Безмолвная ярость - Мюссо Валентен - Страница 3
- Предыдущая
- 3/13
- Следующая
Устав жить в тени легенды, я покинул Францию, едва успев отметить тридцатилетие, и переехал в Лос-Анджелес, который немного знал. Я прожил пять лет в Соединенных Штатах и, честно говоря, считаю их лучшими в моей жизни. По иронии судьбы в то время как я изо всех сил старался избавиться от груза фамилии, именно она открыла мне двери в карьеру «фотографа звезд», как вскоре окрестят меня таблоиды. Я уезжал, не имея ни реальных планов, ни особых амбиций, но отец, который долго работал в «Лайф», был достаточно известен за океаном, и агент сразу предложил мне сделать несколько съемок для второстепенных актрис и актеров, стремящихся подняться выше. Мои фотографии, все черно-белые и на пленке, наперекор моде на цифровые технологии и диктату «Фотошопа», имели неожиданный успех. Звезды вскоре стали пользоваться моими услугами, и я, себе и без особых усилий, стал известным/востребованным фотографом. Как говорил Роберт Капа: «Фото уже есть, их надо просто взять».
Я встретил Джульетту на одном из тех ошеломляющих и бесконечных вечеров на вилле в Бель-Эйр, секрет которых известен Голливуду. Будучи эмигранткой, она работала директором по маркетингу в PR-агентстве. Очень большая зарплата. Громадная ответственность. Мы оба путешествовали по сентиментальной пустыне, заводя отношения столь же краткие, сколь и поверхностные. Мы сразу понравились друг другу и начали встречаться, не воспринимая этого всерьез и благоразумно избегая любых планов на жизнь под одной крышей. Мы наслаждались преимуществами супружества, не имея при этом повседневных хлопот, так вредящих чувствам. Вдали от Франции, запертый в пузыре, где все было легко и искусственно, я искренне верил, что наши отношения смогут продлиться. Честолюбивая Джульетта не была готова пожертвовать личной жизнью или надеждой свить семейное гнездышко. Она скучала по своей стране и друзьям. Мы вернулись в Париж, когда ей предложили должность еще более высокооплачиваемую, чем та, которую она занимала. Продолжение, увы, было банально печальным. В тот момент, как мы переехали, поселились вместе и решили пожениться, карета снова превратилась в тыкву. Наше американское начало было нашим выпускным вечером, эфемерным и иллюзорным. На самом деле между нами ничего не сломалось – мы просто не смогли ничего построить.

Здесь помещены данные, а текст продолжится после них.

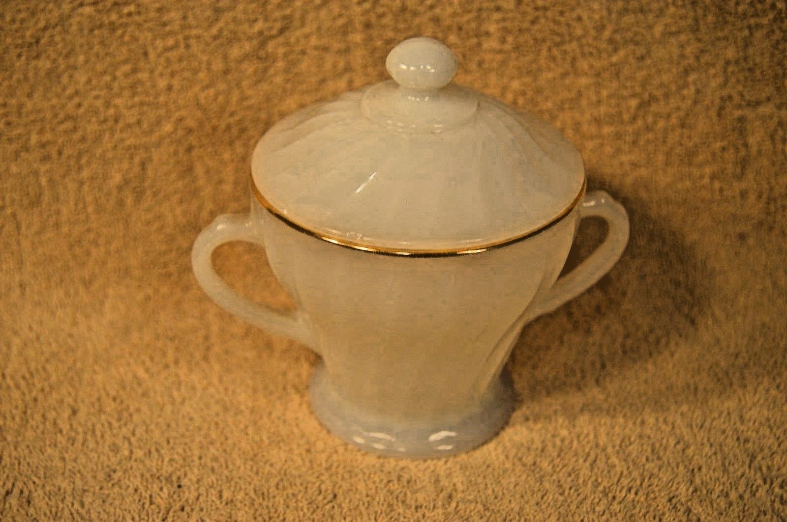 Vintage Anchor Hocking White Milk Glass Swirl with Gold Trim Sugar Bowl with Lid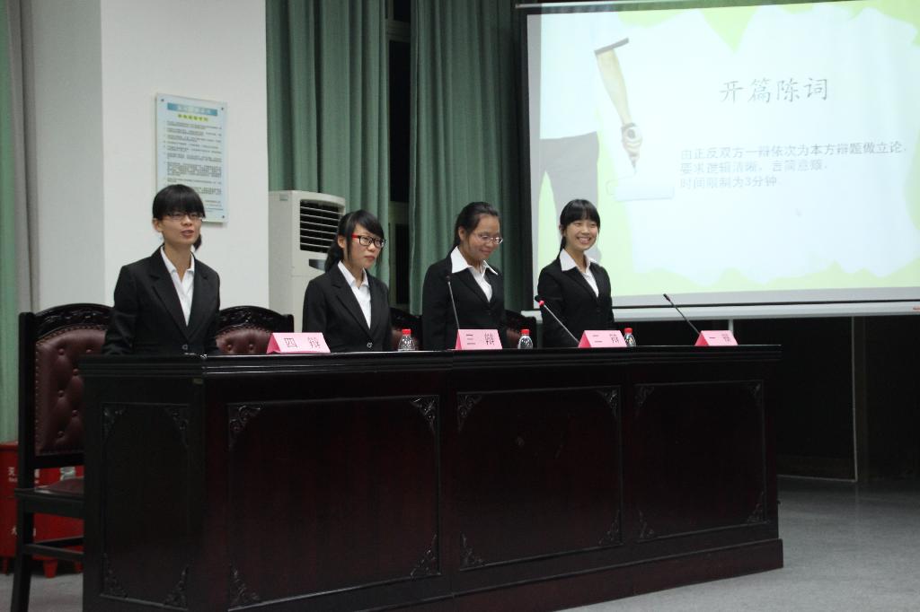 本场辩论赛的主题是“中国监督权是否应该下放”。正方13国贸一班,支持中国监督权下放,13国民经济则持相反意见。在双方辩手简单的自我介绍之后,比赛正式拉开帷幕。“我方认为现阶段中国的监督权应该下放,因为……”正方一辩慷慨激昂,由政府和百姓两个层面切入,列举了中国监督权下放的必要性,精彩的陈词,带动了全场的气氛,鼓掌加油声连连。随后反方一辩的驳词也毫不示弱,从我国现行基本国情出发,层层剖析,条理清晰、证据充分,强有力地证明了己方的观点,精彩的发言同样赢得了热烈的掌声。在随后的攻辩环节,双方更是针锋相对、步步紧逼,无论哪方稍有疏忽,对手就立马抓住这个细小的漏洞进行追问,现场气氛迅速升温,达到白热化阶段。
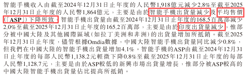 2025年,小米智能手机出货量1.65亿部,少卖了330万部,主要是由于印度出货量减少。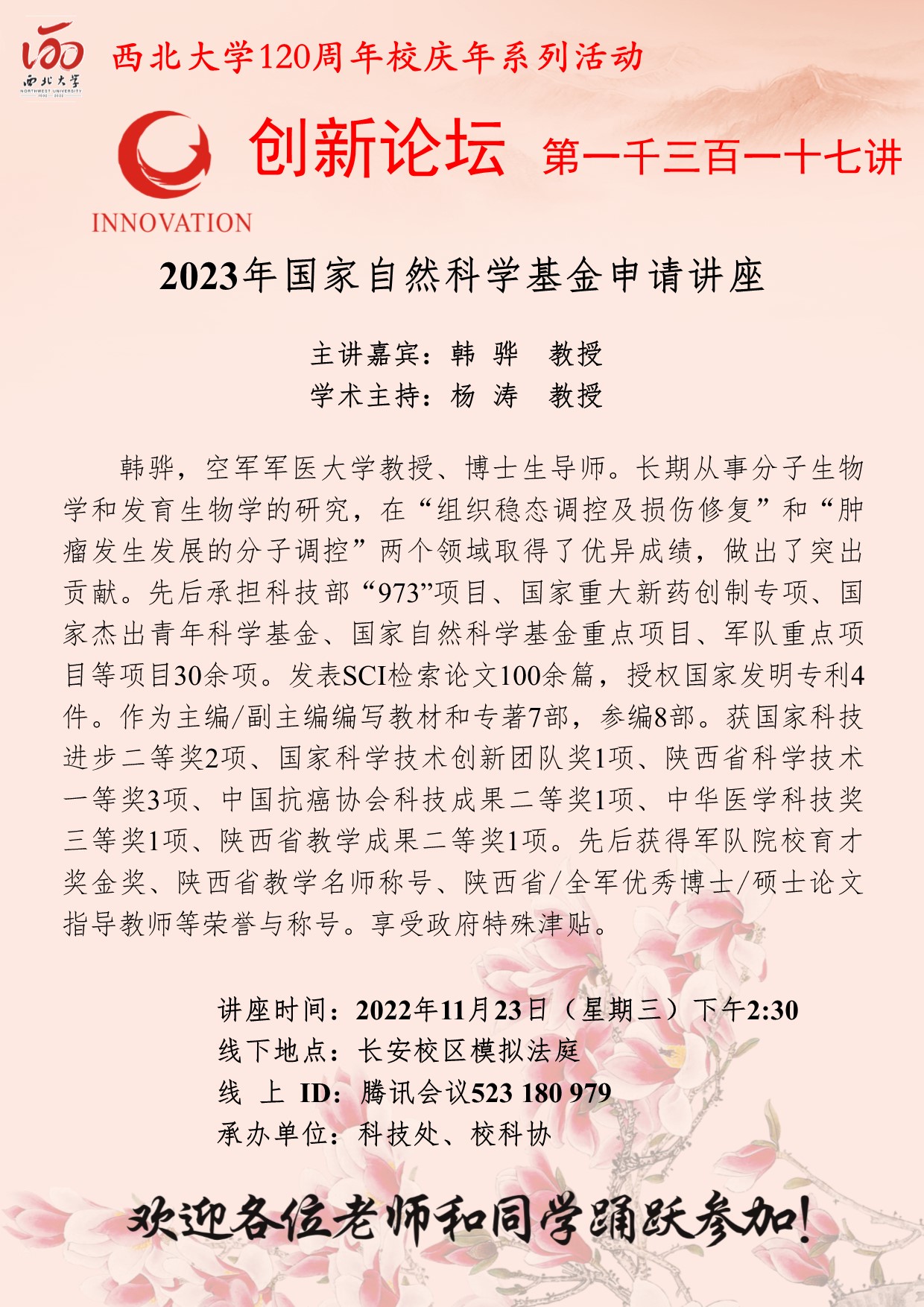 韩骅 教授 乐鱼网页版页面登录创新论坛第一千三百一十七讲暨120周年校庆年系列活动:2023年国家自然科学基金申请讲座 讲座时间 2022年11月23日(星期三)下午2:30 讲座地点 长安校区模拟法庭 讲座人介绍 韩骅 教授 讲座内容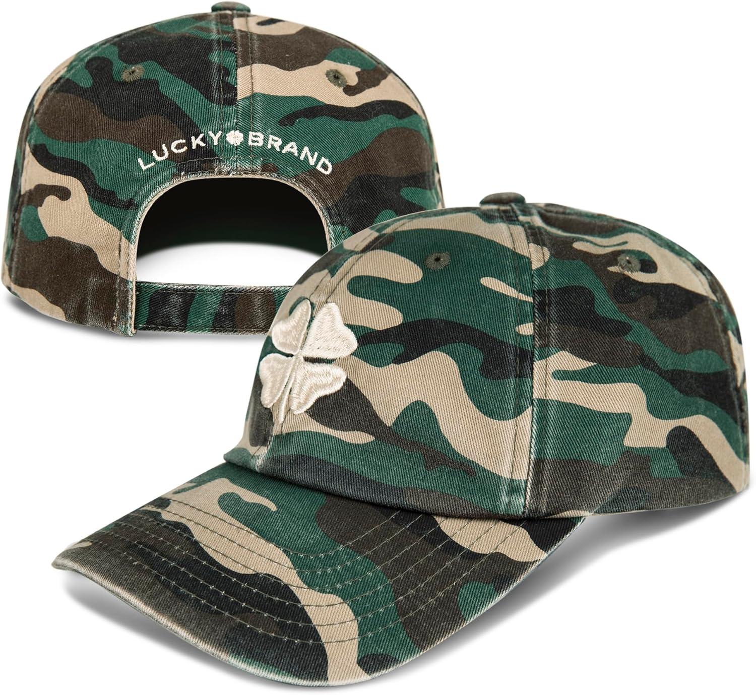 Lucky Brand Classic Cotton Hat | Adjustable | Dad Hat | Baseball Cap | Golf | Fishing | Low Profile | 5 Panel Design(Clover – Camo)

…Матье все еще протягивает мне микрофон, смущенный отсутствием реакции. В конце концов я беру в руки себя и микрофон. Я не подготовил ничего конкретного, хотел бы оказаться в другом месте, и с первых слов мой голос звучит неуверенно:
– Ни для кого не секрет, что я очень мало общался с отцом. Мне было всего пять лет, когда однажды вечером, в феврале семьдесят третьего года, он умер от сердечного приступа. Когда я думаю о нем, мне трудно отделить собственные воспоминания от чужих рассказов… Даже фотографии вводят меня в заблуждение. Глядя на работы, висящие в этой галерее, я наивно верю, что был свидетелем каждой из этих сцен. Однако некоторые вещи остаются неизгладимыми. Я всегда буду помнить звук его голоса, мозолистые руки, высокий силуэт в мастерской, склонившийся над столом, на котором он сортировал и раскладывал отпечатки. Именно в мастерской нашей фабрики в Сент-Арну-ан-Ивелин была сделана вот эта фотография.
Я умолкаю и указываю на черно-белый снимок, висящий на стене слева от меня. На нем маленький мальчик: стрижка под горшок, упрямый подбородок, черные глаза, взгляд устремлен на невидимую цель над объективом. Хотя фотография была сделана тридцать пять лет назад, я нахожу, что не сильно изменился. Ну, не считая стрижки. В моей памяти всплыли образы мельницы – старого, почти древнего здания, купленного в очень плохом состоянии, сожравшего половину состояния моего отца. Огромная гостиная с открытыми деревянными балками. Деревянная лестница, которая вела в спальни и на антресоли, заваленные книгами. Клетка со старым колесом. После смерти отца мы прожили на мельнице три года, прежде чем моя мать, уставшая от возни с поместьем и постоянным ремонтом, решилась продать его чете иностранцев, страстно влюбленной в старые камни.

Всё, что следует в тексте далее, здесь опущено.